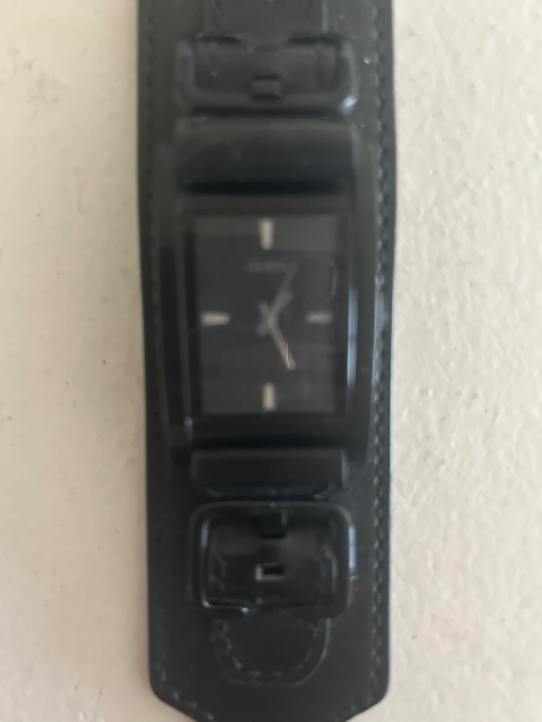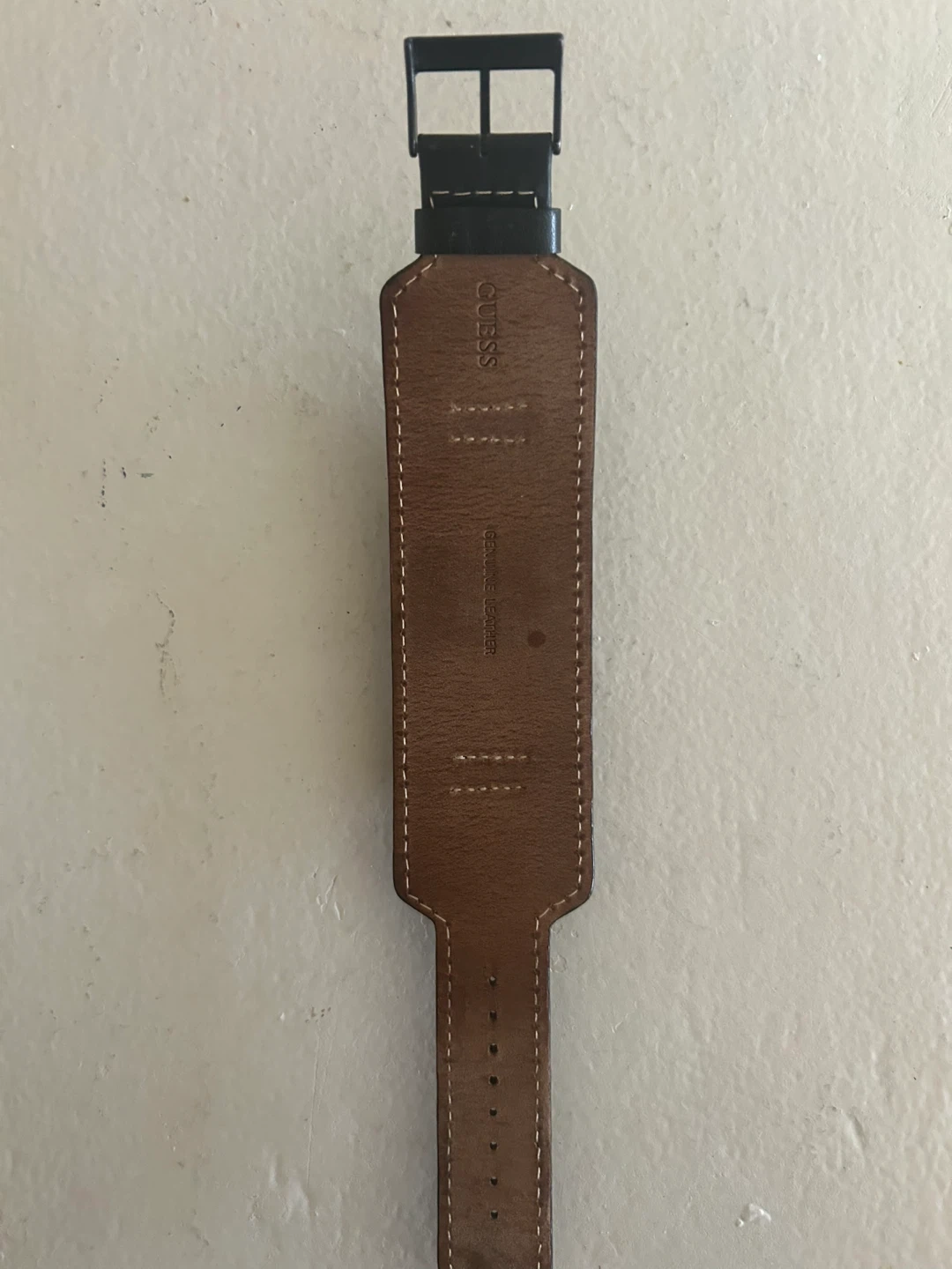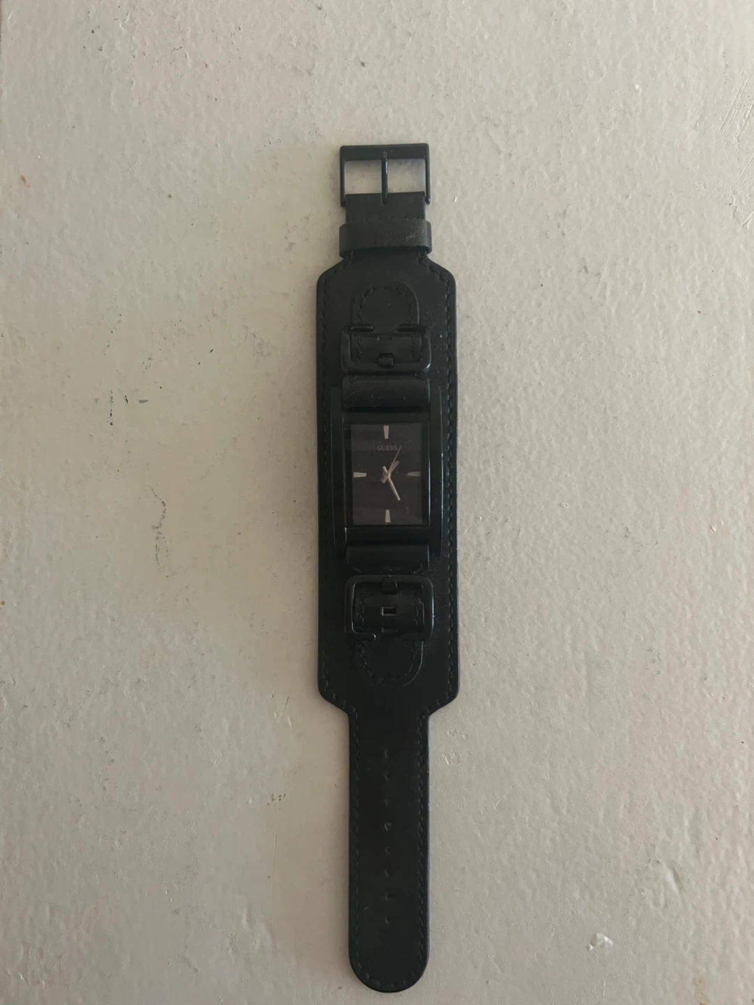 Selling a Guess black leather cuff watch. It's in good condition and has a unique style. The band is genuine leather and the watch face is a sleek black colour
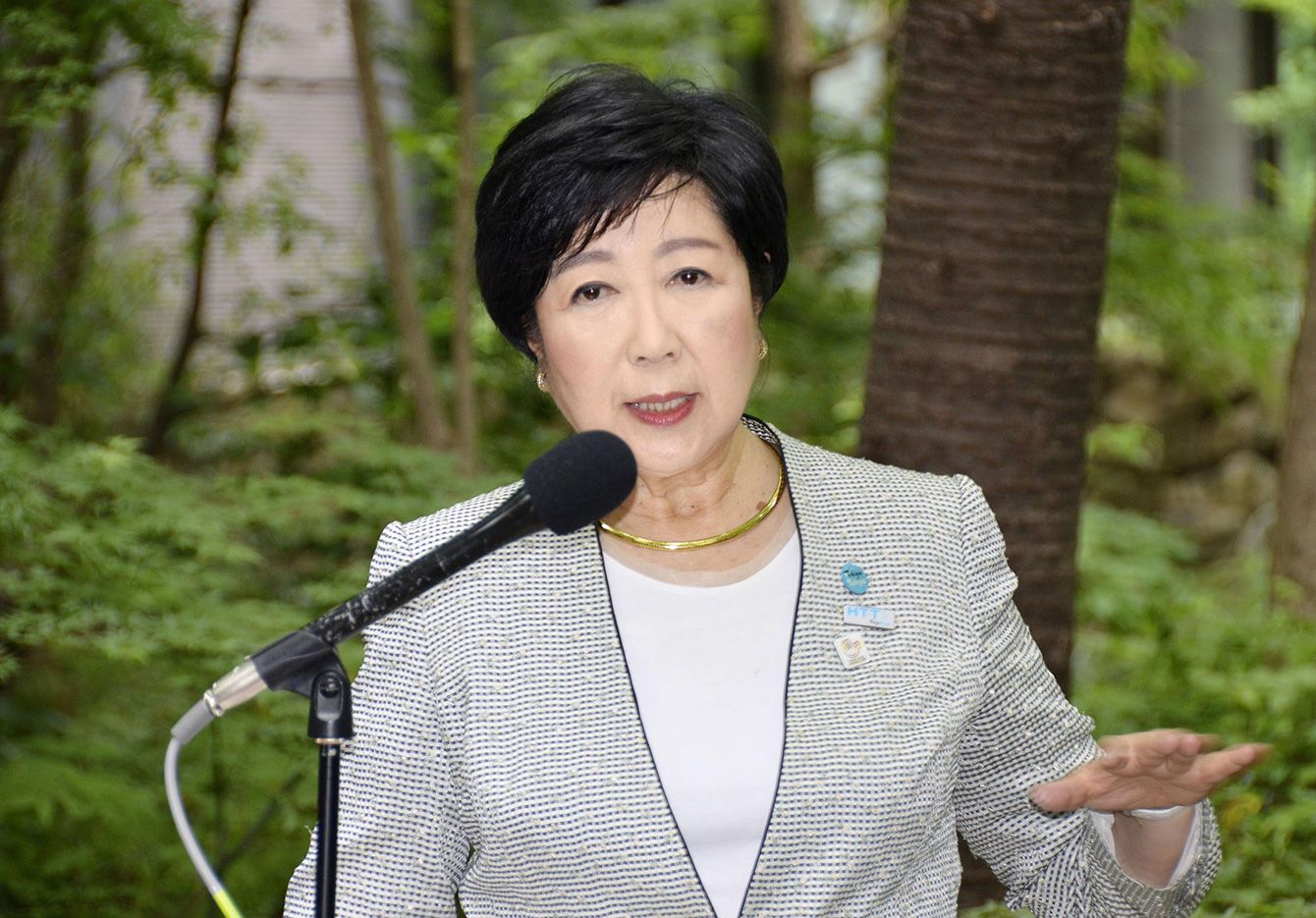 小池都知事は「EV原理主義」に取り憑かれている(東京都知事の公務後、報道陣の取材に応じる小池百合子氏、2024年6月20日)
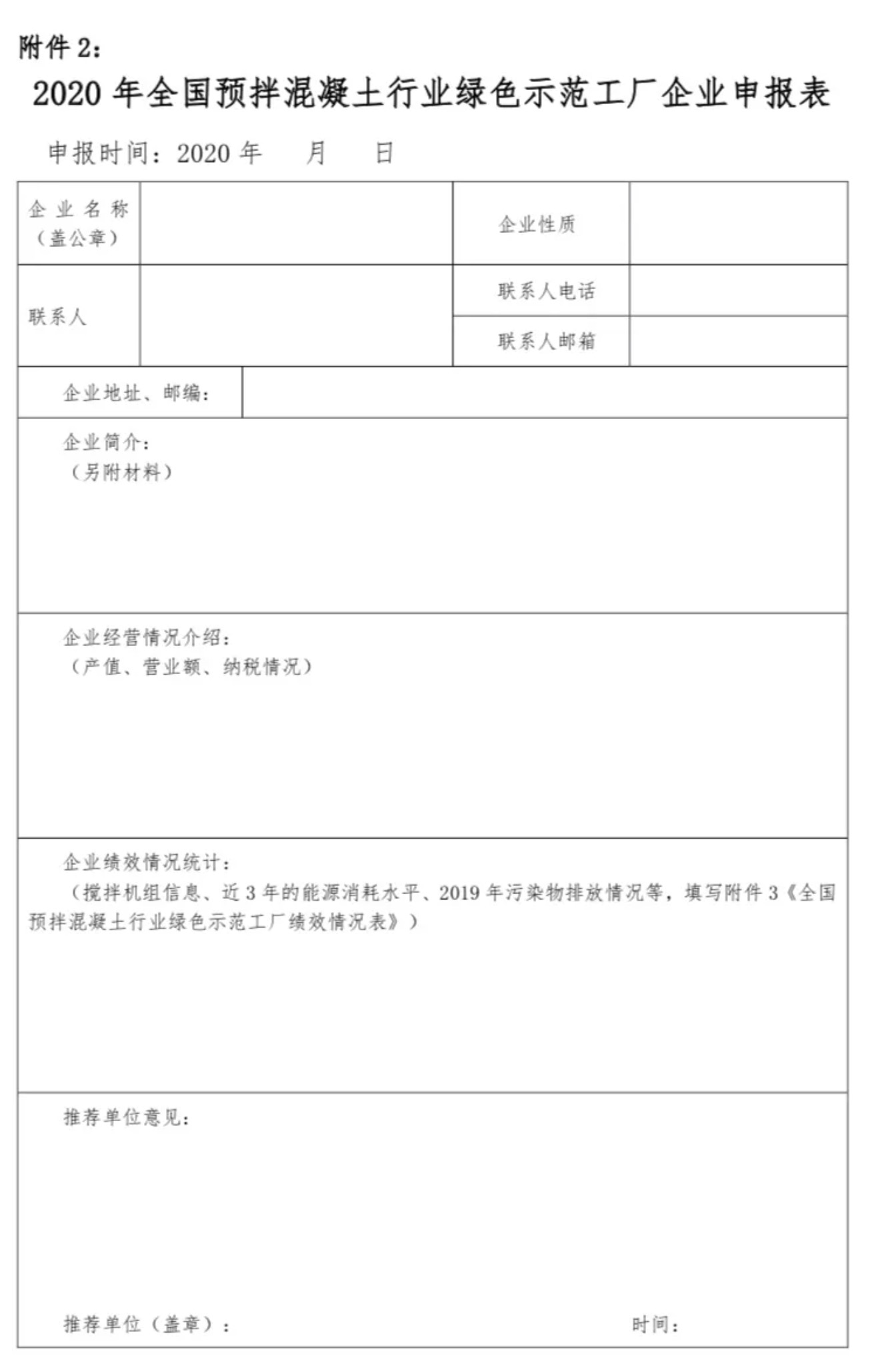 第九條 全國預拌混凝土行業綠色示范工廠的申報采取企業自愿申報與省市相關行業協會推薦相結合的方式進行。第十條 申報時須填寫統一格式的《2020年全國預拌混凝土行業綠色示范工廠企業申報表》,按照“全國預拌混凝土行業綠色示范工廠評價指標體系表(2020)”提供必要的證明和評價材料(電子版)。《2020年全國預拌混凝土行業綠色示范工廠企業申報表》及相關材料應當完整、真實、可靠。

[WORK TASK] Copy all the material exactly; omit images.

[EXERCISE RESPONSE]
 Selling a Guess black leather cuff watch. It's in good condition and has a unique style. The band is genuine leather and the watch face is a sleek black colour
 小池都知事は「EV原理主義」に取り憑かれている(東京都知事の公務後、報道陣の取材に応じる小池百合子氏、2024年6月20日)
 第九條 全國預拌混凝土行業綠色示范工廠的申報采取企業自愿申報與省市相關行業協會推薦相結合的方式進行。第十條 申報時須填寫統一格式的《2020年全國預拌混凝土行業綠色示范工廠企業申報表》,按照“全國預拌混凝土行業綠色示范工廠評價指標體系表(2020)”提供必要的證明和評價材料(電子版)。《2020年全國預拌混凝土行業綠色示范工廠企業申報表》及相關材料應當完整、真實、可靠。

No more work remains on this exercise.